Someone who is being tortured will confess to pretty much anything, and the people in Burge's custody did. Many of them are still in prison, despite the fact that their coerced confessions made up the only evidence against them--and despite the fact that in a number of cases, other people have been convicted of committing the crime for which they're serving time. It was Dr. Robert Kirschner who did the first forensic work proving the existence of police torture in Chicago. He was the deputy chief medical examiner at Cook County when he was asked to look at the file of one of Burge’s alleged victims, Andrew Wilson.

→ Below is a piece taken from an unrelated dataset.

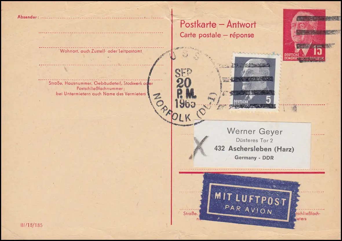 DDR P 65aA Pieck vom amerikanischen Kriegsschiff USS NORFOLK (DL-1) 20.9.1965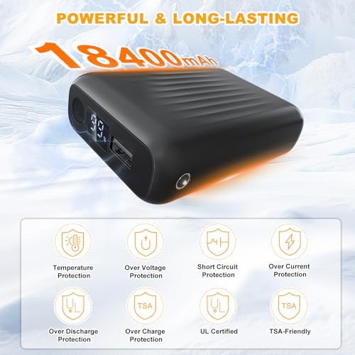 - 【 COMPACT DESIGN, HIGH CAPACITY 】The 18400mAh battery pack for jacket, made with high-energy cells, weighs only 280g. Despite its lightweight form, it's capable of charging your smartphone over two times.On high settings, heated vest battery pack can sustain warmth for 3-4 hours, 4-7 hours on medium, and an impressive 8-10 hours on low settings. Whether you're hitting the slopes, walking your dog, or just enjoying a casual stroll, our battery ensures you stay warm for longer periods.

"I said I would review it ...[but] that I was very skeptical because I have been around the medical examiner's office for ten years, lot of close contact with the police, and... I just never heard of anything like this in Chicago, and I said that it does seem very unlikely to me that this would be the case. But... I read [Wilson’s medical records and his deposition] . . . and I said, 'This guy has been tortured....there is a very high degree of medical certainty to say this man has not only been beaten and/or kicked, which, let's face it, occurs in custody, but that this man has received electric shock.'"

Mayor Daley was the State's Attorney back then, and he was informed of around fifty cases of torture taking place in Chicago police stations, but chose not to act. Nor did his successors, one of whom actually defended Burge the first time he stood trial on these charges. The city is still stonewalling the production of evidence and the production of witnesses in a myriad torture cases.

I live close to two of Chicago's most dangerous neighborhoods, half a mile from WEst Englewood, about a mile from South Shore. I know one of the cops who works West Englewood and it is a tough assignment, made harder by a willful code of omerta among the residents, who won't testify against murderers in their midst.

On the other hand, when the locals know that officers like Burge can do as they please with a suspect in custody, it can be a hard sell to persuade people to turn each other in. Even though Burge has been out of police work for 16 years, Chicago's elite tactical unit had to be disbanded two years ago after it became clear that they were preying on the people they'd been sent to protect. A west side precinct housed a police robbery ring that was finally exposed and shut down this past spring.

We ask the cops to do a difficult and dangerous job. But if we think it's okay for them to rob the community or brutalize suspects, then we're really saying we don't care about the rule of law.